── EXERCISE DATA
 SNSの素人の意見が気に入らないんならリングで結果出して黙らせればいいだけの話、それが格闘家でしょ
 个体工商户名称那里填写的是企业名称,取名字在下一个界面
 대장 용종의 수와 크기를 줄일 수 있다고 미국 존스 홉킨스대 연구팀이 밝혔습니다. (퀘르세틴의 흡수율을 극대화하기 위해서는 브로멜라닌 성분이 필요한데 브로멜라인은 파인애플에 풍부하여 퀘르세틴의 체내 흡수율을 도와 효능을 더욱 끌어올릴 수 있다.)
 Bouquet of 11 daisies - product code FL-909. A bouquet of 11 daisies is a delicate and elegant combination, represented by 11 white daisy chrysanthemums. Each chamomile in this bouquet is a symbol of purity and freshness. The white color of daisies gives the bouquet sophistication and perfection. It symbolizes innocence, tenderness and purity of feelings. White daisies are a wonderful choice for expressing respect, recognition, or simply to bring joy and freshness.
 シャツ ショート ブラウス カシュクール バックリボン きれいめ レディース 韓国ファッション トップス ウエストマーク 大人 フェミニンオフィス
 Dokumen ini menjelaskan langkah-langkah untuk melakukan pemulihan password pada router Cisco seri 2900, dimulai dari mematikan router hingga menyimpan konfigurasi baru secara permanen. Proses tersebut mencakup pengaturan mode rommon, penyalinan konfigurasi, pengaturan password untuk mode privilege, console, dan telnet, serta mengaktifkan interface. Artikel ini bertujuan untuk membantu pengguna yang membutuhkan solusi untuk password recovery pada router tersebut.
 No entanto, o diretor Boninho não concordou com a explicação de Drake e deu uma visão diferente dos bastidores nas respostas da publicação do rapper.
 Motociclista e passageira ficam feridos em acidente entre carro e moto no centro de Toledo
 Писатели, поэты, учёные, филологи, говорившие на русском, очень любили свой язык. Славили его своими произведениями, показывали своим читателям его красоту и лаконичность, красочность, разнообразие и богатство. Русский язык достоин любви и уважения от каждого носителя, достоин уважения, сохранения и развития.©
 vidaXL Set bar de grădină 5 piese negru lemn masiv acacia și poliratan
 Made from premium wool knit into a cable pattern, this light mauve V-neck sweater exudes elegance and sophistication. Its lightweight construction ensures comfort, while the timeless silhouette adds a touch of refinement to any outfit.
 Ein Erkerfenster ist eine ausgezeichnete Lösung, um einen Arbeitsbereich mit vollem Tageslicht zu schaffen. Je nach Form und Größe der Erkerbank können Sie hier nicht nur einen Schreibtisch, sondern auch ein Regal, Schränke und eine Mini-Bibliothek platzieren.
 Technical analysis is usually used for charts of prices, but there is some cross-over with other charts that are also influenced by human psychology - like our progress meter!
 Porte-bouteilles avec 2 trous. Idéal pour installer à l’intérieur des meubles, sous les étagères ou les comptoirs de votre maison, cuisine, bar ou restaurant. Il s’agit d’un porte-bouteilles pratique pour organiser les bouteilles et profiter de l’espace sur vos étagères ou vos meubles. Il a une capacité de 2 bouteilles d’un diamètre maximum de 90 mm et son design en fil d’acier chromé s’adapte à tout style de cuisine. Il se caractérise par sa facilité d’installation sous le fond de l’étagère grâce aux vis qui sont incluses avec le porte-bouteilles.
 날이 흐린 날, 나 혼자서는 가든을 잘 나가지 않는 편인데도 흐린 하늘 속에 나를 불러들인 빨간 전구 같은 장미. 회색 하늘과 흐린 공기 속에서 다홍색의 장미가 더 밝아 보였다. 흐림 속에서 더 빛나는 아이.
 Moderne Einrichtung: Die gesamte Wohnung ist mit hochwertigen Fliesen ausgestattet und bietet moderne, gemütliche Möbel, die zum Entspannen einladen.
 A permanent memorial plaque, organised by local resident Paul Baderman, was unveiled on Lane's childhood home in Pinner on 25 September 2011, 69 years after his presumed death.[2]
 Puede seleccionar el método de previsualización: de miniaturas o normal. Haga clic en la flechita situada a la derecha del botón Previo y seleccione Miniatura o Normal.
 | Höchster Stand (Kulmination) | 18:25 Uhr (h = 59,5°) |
────
● YOUR TASK
Starting at the line with "Moderne Einrichtung: Die", retype each line through the final one in the data above, unchanged and with nothing added.

● SOLVED EXERCISE
 Moderne Einrichtung: Die gesamte Wohnung ist mit hochwertigen Fliesen ausgestattet und bietet moderne, gemütliche Möbel, die zum Entspannen einladen.
 A permanent memorial plaque, organised by local resident Paul Baderman, was unveiled on Lane's childhood home in Pinner on 25 September 2011, 69 years after his presumed death.[2]
 Puede seleccionar el método de previsualización: de miniaturas o normal. Haga clic en la flechita situada a la derecha del botón Previo y seleccione Miniatura o Normal.
 | Höchster Stand (Kulmination) | 18:25 Uhr (h = 59,5°) |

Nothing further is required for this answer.